Records from a data source
# # # # #

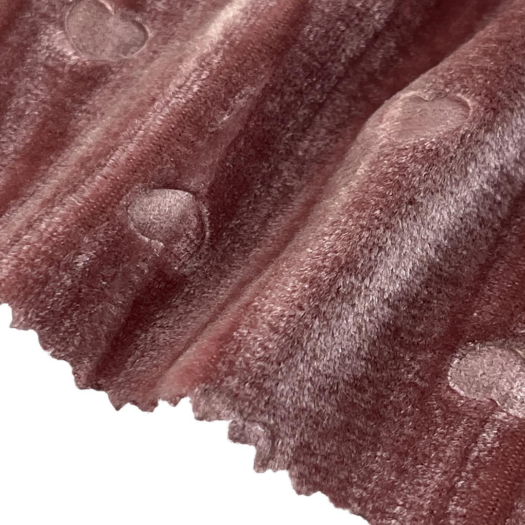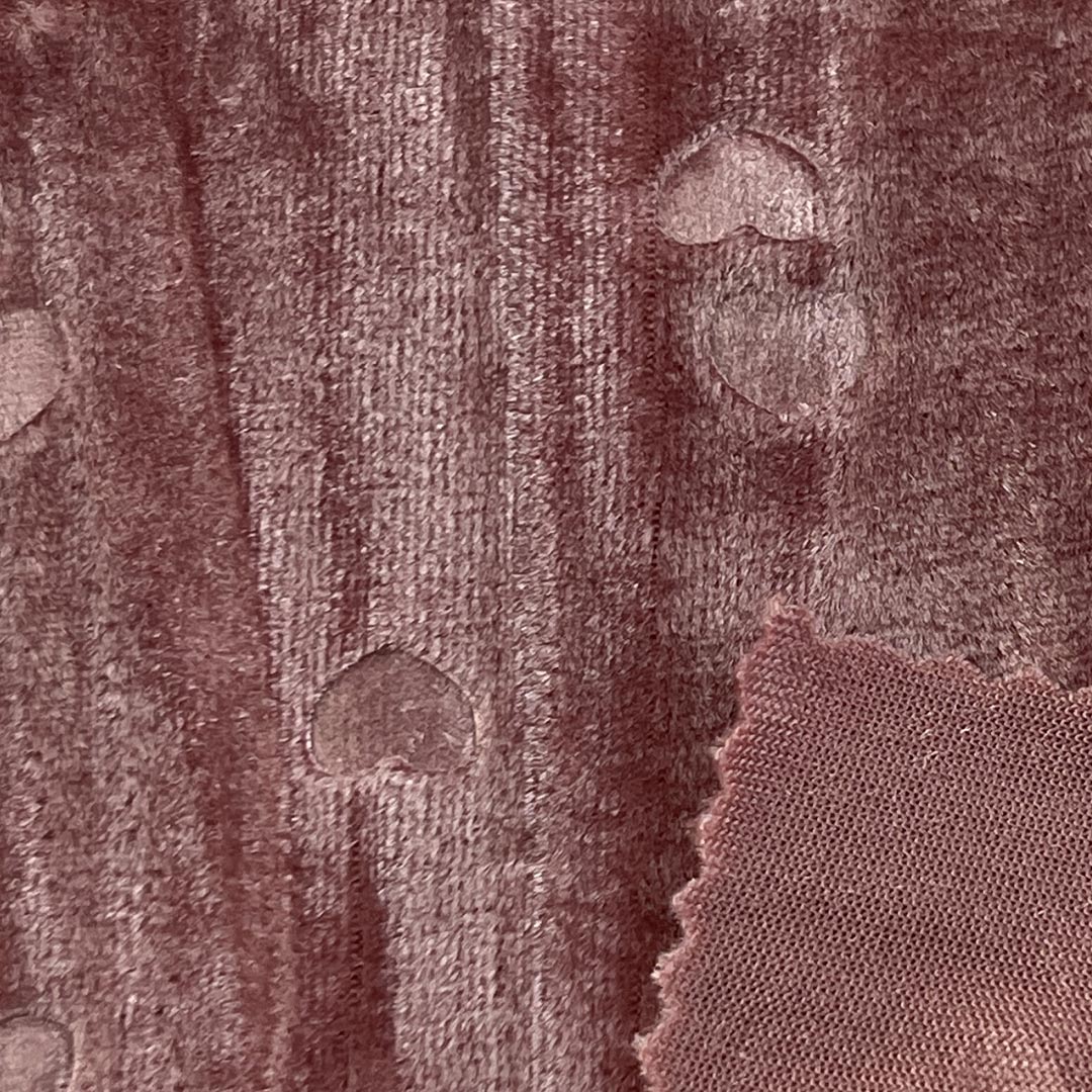 Weighing 230gsm (8.1oz), this refined embossed velvet fabric combines 95% polyester and 5% spandex to create a soft hand feel material suitable for both evening dresses and decorative cushions. The velvet construction provides a plush, dense pile with intricate embossed patterns that add visual texture and sophistication.
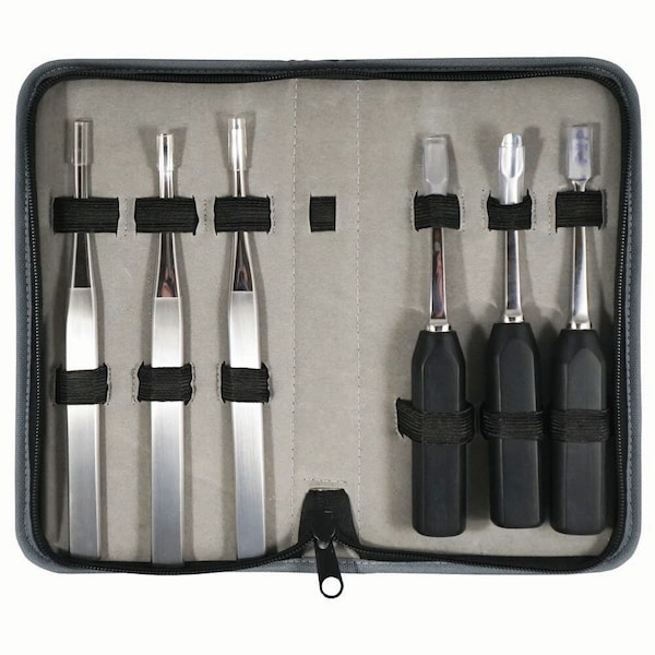 Especially designed to aid in the extraction of equine incisors. Six different size heads with a curved concave head and sharppointed edge. Packed in an attractive zipper case. 3 Instruments: Wider heads and heavier black teflon handle. 20cm (8") L 3 Instruments: Finer heads and lighter stainless steel shaft. 22cm (9") L Weight: 2.3 lbs.
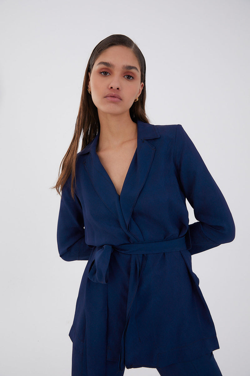 Total Look Lion, compuesto por una chaqueta confeccionada en tejido viscosa en color azul marino. La chaqueta es de manga larga con hombreras marcadas y escote en forma de pico. Chaqueta pijamera desestructurada, fluida con fit relajado, cerrada con un cinturón anudado de mismo tejido. Y nuestro pantalón de tiro alto más icónico, confeccionado en tejido jacquard. El pantalón Icon es campana con pliegue central que hace que estilice las piernas y dé mucho movimiento. El cierre es lateral con cremallera invisible y cinturilla rígida.
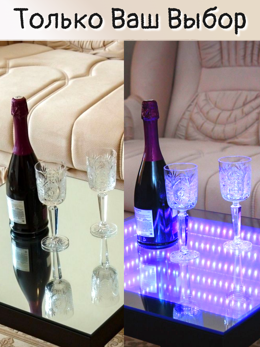 Зеркально-стеклянный журнальный стол с подсветкой, квадратный интересное:
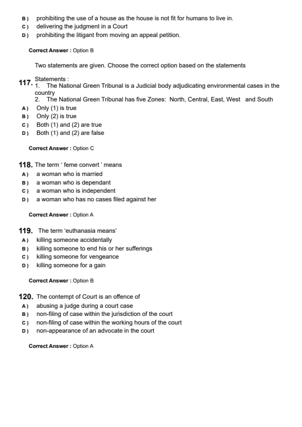 Therefore, both statements (1) and (2) are true. Quick Tip: NGT is a specialized tribunal with five zonal benches for environmental cases.
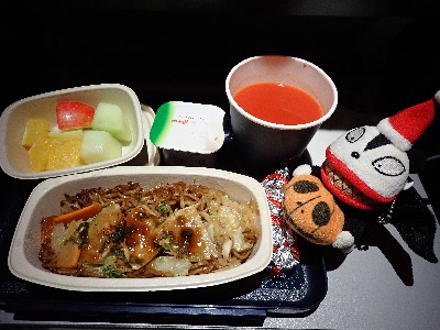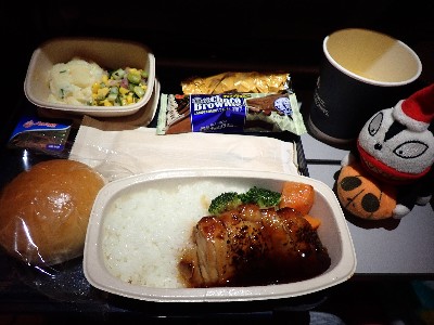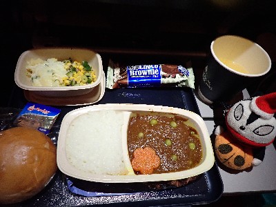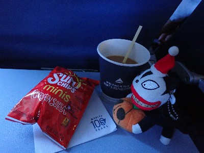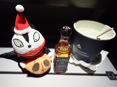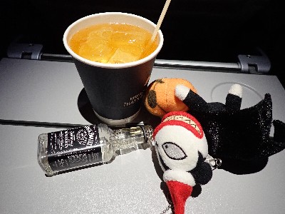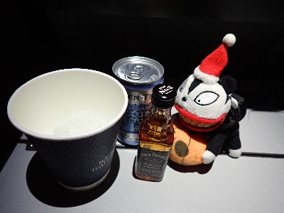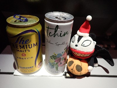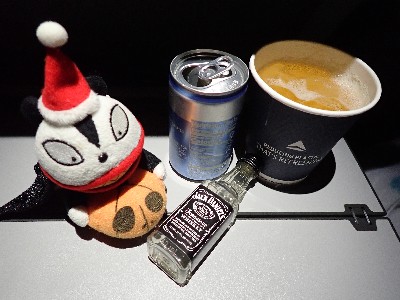 | まだ到着まで9時間以上。。。てこって食後はひたすら呑む | ||
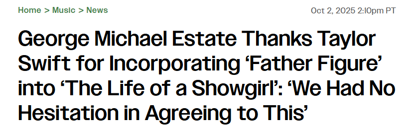 Cytat z Mierzwiak data 11 października, 2025, 22:52Cytat z Marek Pilarski data październik 11, 2025, 22:21Na nowym albumie Taylor Swift jest utwór, który ma pożyczony tytuł i melodię z "Father Figure" George'a Michaela.
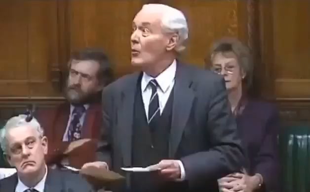 Not just any former cabinet minister. The late, great Tony Benn. A politician with an actual spine.
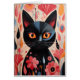 Cartão Gato Preto Adorável com Dentro Vazio de Flores Ros
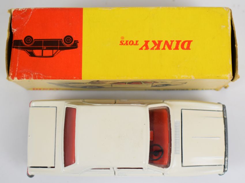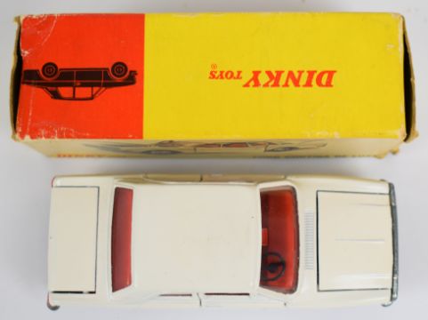 Dinky Toys diecast model Ford Cortina De Luxe with white body, red interior, silver hubs and opening doors, bonnet and boot, 159, in original box.
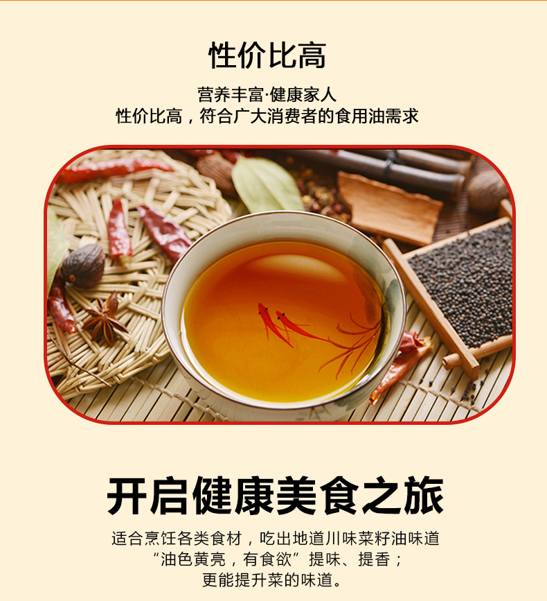 仙食純正赤標菜種油5L食用油四川純正菜種油大桶家庭用炒め植物油
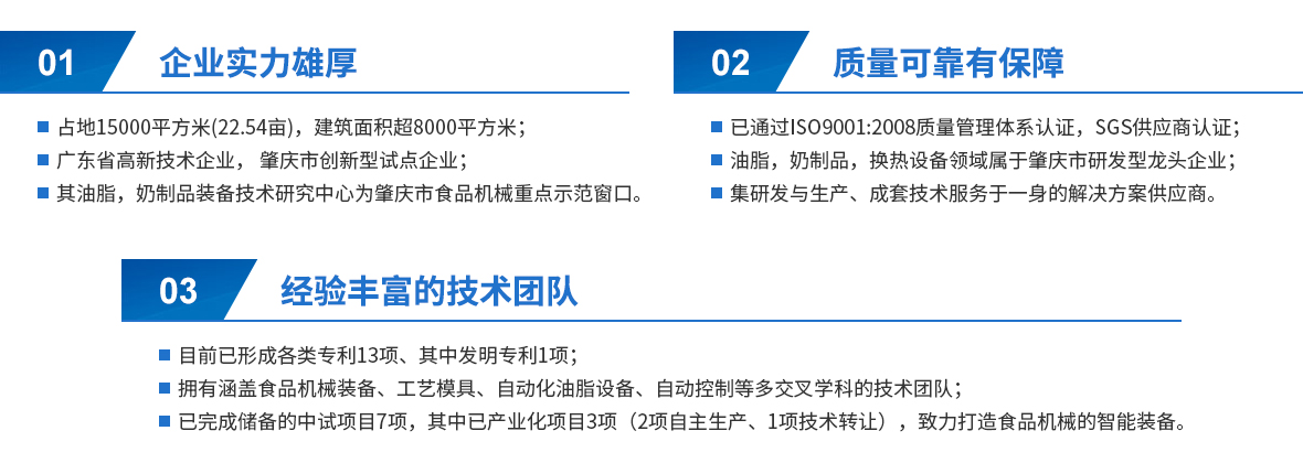 肇慶和邦機(jī)械制造有限公司專注于油脂,奶制品,換熱設(shè)備研發(fā)與制造,擁有涵蓋食品機(jī)械裝備、工藝模具、自動(dòng)化油脂設(shè)備、自動(dòng)控制等多交叉學(xué)科的技術(shù)團(tuán)隊(duì)。目前已形成各類專利13項(xiàng)、其中發(fā)明專利1項(xiàng)。目前,已完成儲(chǔ)備的中試項(xiàng)目7項(xiàng),其中已產(chǎn)業(yè)化項(xiàng)目3項(xiàng)(2項(xiàng)自主生產(chǎn)、1項(xiàng)技術(shù)轉(zhuǎn)讓),致力打造食品機(jī)械的智能裝備。
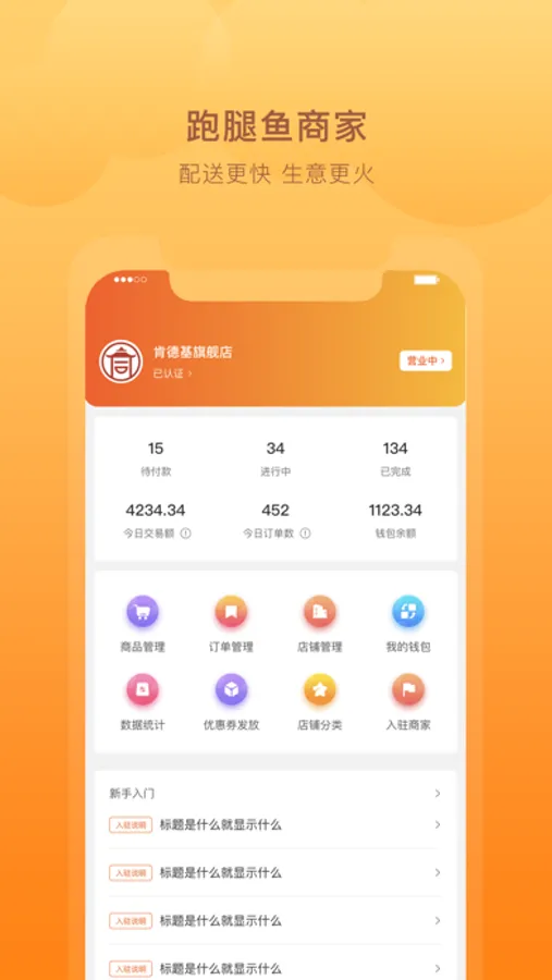 跑腿鱼商家版是入驻跑腿鱼的商家使用的管理软件。主要功能是处理用户订单,上架商品,处理退款,账户在线结算,对账,营销门店,管理跑腿鱼附近商家的店铺,随时调整营业
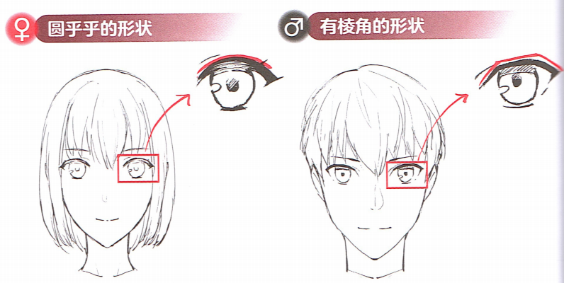 眼睛是用来表现角色感情的重要器官。我们在进行绘制时,要让男性眼睛的轮廓深一些,让女性的眼睛看起来又大又圆,借此来表现男女的性别差异。
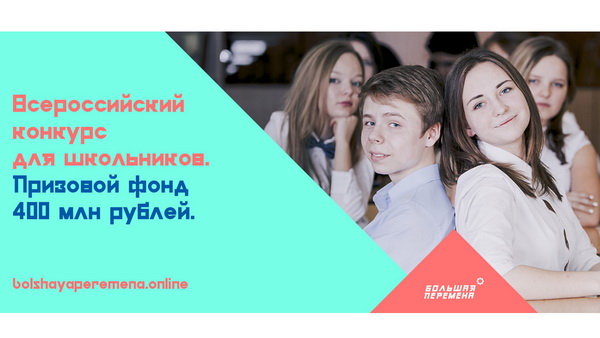 АНО «Россия – страна возможностей», проект «ПроеКТОриЯ», «Роспатриотцентр» и Российское движение школьников при поддержке Министерства просвещения РФ анонсировали всероссийский конкурс «Большая перемена».
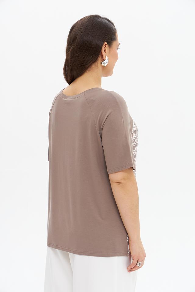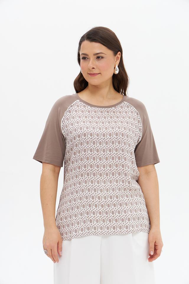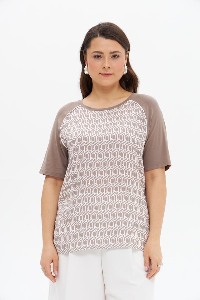 Блузка имеет свободный крой, короткие рукава и округлый вырез горловины. Передняя часть блузки украшена оригинальным геометрическим принтом в коричнево-бежевой гамме, а рукава и часть спинки выполнены в однотонном коричневом цвете.

# # # # #

> WHAT NEEDS TO BE DONE
Repeat the lines above exactly, beginning with the one containing "Not just any" and finishing with the one containing "眼睛是用来表现角色感情的重要". No pictures belong in the copy.

> RESPONSE BELOW
 Not just any former cabinet minister. The late, great Tony Benn. A politician with an actual spine.
 Cartão Gato Preto Adorável com Dentro Vazio de Flores Ros
 Dinky Toys diecast model Ford Cortina De Luxe with white body, red interior, silver hubs and opening doors, bonnet and boot, 159, in original box.
 仙食純正赤標菜種油5L食用油四川純正菜種油大桶家庭用炒め植物油
 肇慶和邦機(jī)械制造有限公司專注于油脂,奶制品,換熱設(shè)備研發(fā)與制造,擁有涵蓋食品機(jī)械裝備、工藝模具、自動(dòng)化油脂設(shè)備、自動(dòng)控制等多交叉學(xué)科的技術(shù)團(tuán)隊(duì)。目前已形成各類專利13項(xiàng)、其中發(fā)明專利1項(xiàng)。目前,已完成儲(chǔ)備的中試項(xiàng)目7項(xiàng),其中已產(chǎn)業(yè)化項(xiàng)目3項(xiàng)(2項(xiàng)自主生產(chǎn)、1項(xiàng)技術(shù)轉(zhuǎn)讓),致力打造食品機(jī)械的智能裝備。
 跑腿鱼商家版是入驻跑腿鱼的商家使用的管理软件。主要功能是处理用户订单,上架商品,处理退款,账户在线结算,对账,营销门店,管理跑腿鱼附近商家的店铺,随时调整营业
 眼睛是用来表现角色感情的重要器官。我们在进行绘制时,要让男性眼睛的轮廓深一些,让女性的眼睛看起来又大又圆,借此来表现男女的性别差异。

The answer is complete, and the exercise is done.